Abstract
Wheat pill and its active ingredient aluminum phosphide is one of the emerging causes of poisoning. The areas mainly hit are the ones where agriculture is the leading industry. The mechanism of action involves phosphine gas, which is released when the pill comes in contact with moisture or stomach acid; the resulting free radicals damage mitochondria. The cardiovascular system is the most severely hit with various presentations, including cardiac failure, arrhythmias, and eventually shock. We discuss a case of a middle-aged woman who suffered from inhalational poisoning from wheat pill while she was working in unventilated grain storage.

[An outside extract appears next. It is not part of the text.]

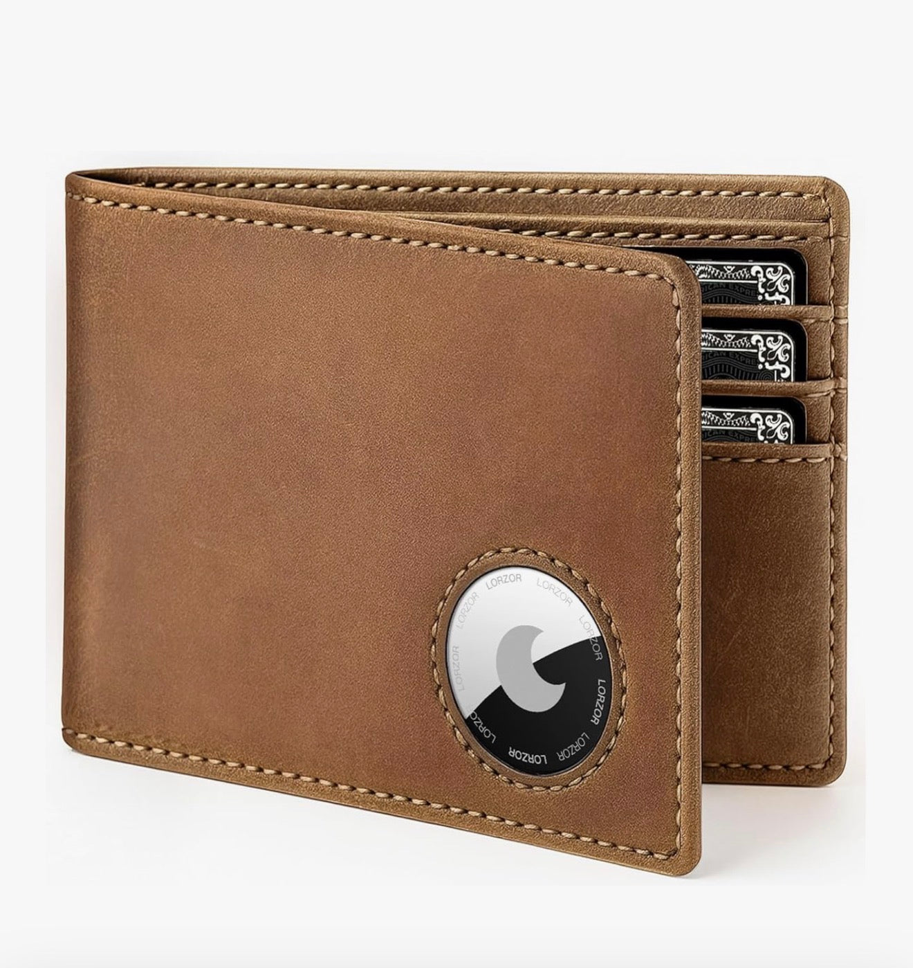 - [Integrated Holder] The LORZOR airtag wallet has an integrated holder designed for your AirTag. Put it into the built-in holder case, then you can keep track of your wallet via Find My APP and you will never lose your wallet again! (Air Tag NOT included)

Keywords: inhalational, poisoning, aluminum phosphide, phosphene gas, wheat pill
Introduction
Wheat pill or rice pill is widely used as a rodenticide in agriculture-based communities [1]. The mechanism of action has phosphine gas as the final culprit that causes free radical damage to mitochondria [2-3]. Wheat-pill poisoning leads to catastrophic sequelae, with the main target being the heart, which results in arrhythmias, cardiac failure, and eventually refractory shock and multiorgan dysfunction syndrome [2]. Although cases of orally ingested wheat pills for suicide and poisoning by fumigation are prevalent [1], we hereby discuss the case of wheat-pill poisoning due to inhalation in a closed space. In an extensive review of literature on PubMed using the keywords “wheat pill,” “aluminum phosphide” and “poisoning,” we could find only one reported case of poisoning by aluminum phosphide due to inhalation in a closed space [4]. The objective of this article is to inform physicians about this unique mode of poisoning so that timely and appropriate management can be commenced to avoid an unfavorable outcome [5].
Case presentation
A 44-year-old female presented to the emergency department with complaints of nausea, vomiting, abdominal pain, frothing from the mouth, and marked agitation. On inquiry, her family members reported that she was in her usual state of health four hours ago when she started to clean the moist wheat storage unit. The patient denied any accidental or intentional intake of ‘suspicious’ materials in the last 24 hours. She denied any: headache, vertigo, shortness of breath, cough, chest pain, or any history of recent travel or insect bite. Her past medical, surgical, allergic, gynecological, social, and sexual history was non-contributory.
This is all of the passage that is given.